**How to complete this task**
Pick every line with "office" from the material below.

**Records provided**

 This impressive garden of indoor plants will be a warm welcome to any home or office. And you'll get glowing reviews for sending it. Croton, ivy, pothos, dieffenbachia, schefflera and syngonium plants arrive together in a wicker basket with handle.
---
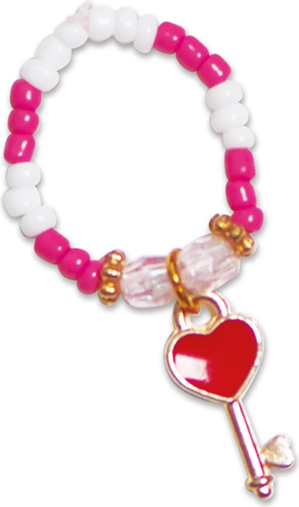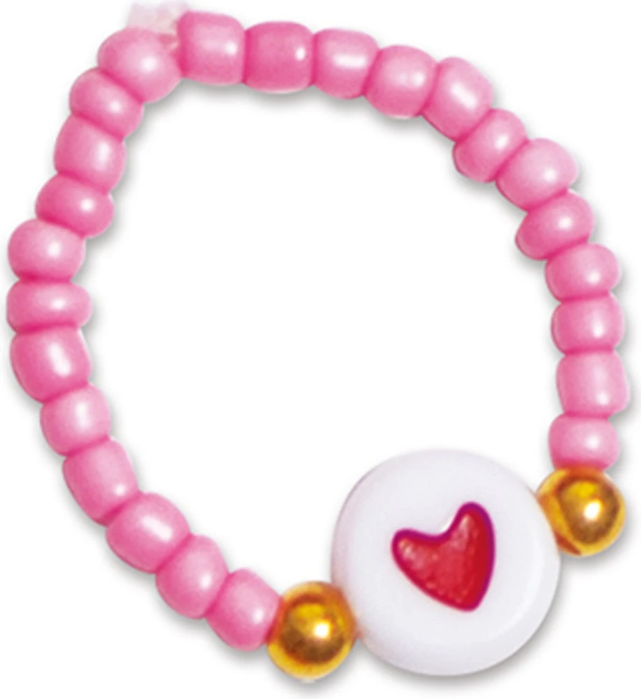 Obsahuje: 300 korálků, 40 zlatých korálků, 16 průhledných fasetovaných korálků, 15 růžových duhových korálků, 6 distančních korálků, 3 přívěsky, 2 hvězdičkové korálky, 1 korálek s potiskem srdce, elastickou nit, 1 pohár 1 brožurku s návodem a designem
==
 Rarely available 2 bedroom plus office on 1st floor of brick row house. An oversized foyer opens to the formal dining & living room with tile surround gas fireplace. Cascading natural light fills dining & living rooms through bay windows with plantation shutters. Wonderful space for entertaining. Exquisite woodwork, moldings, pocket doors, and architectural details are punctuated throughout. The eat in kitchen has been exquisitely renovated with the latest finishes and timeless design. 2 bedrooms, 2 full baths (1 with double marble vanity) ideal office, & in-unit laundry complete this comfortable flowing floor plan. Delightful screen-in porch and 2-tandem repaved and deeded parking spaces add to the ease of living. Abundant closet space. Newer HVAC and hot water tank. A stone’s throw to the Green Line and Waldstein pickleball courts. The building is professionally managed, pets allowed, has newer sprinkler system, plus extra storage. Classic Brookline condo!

**The answer**
 This impressive garden of indoor plants will be a warm welcome to any home or office. And you'll get glowing reviews for sending it. Croton, ivy, pothos, dieffenbachia, schefflera and syngonium plants arrive together in a wicker basket with handle.
 Rarely available 2 bedroom plus office on 1st floor of brick row house. An oversized foyer opens to the formal dining & living room with tile surround gas fireplace. Cascading natural light fills dining & living rooms through bay windows with plantation shutters. Wonderful space for entertaining. Exquisite woodwork, moldings, pocket doors, and architectural details are punctuated throughout. The eat in kitchen has been exquisitely renovated with the latest finishes and timeless design. 2 bedrooms, 2 full baths (1 with double marble vanity) ideal office, & in-unit laundry complete this comfortable flowing floor plan. Delightful screen-in porch and 2-tandem repaved and deeded parking spaces add to the ease of living. Abundant closet space. Newer HVAC and hot water tank. A stone’s throw to the Green Line and Waldstein pickleball courts. The building is professionally managed, pets allowed, has newer sprinkler system, plus extra storage. Classic Brookline condo!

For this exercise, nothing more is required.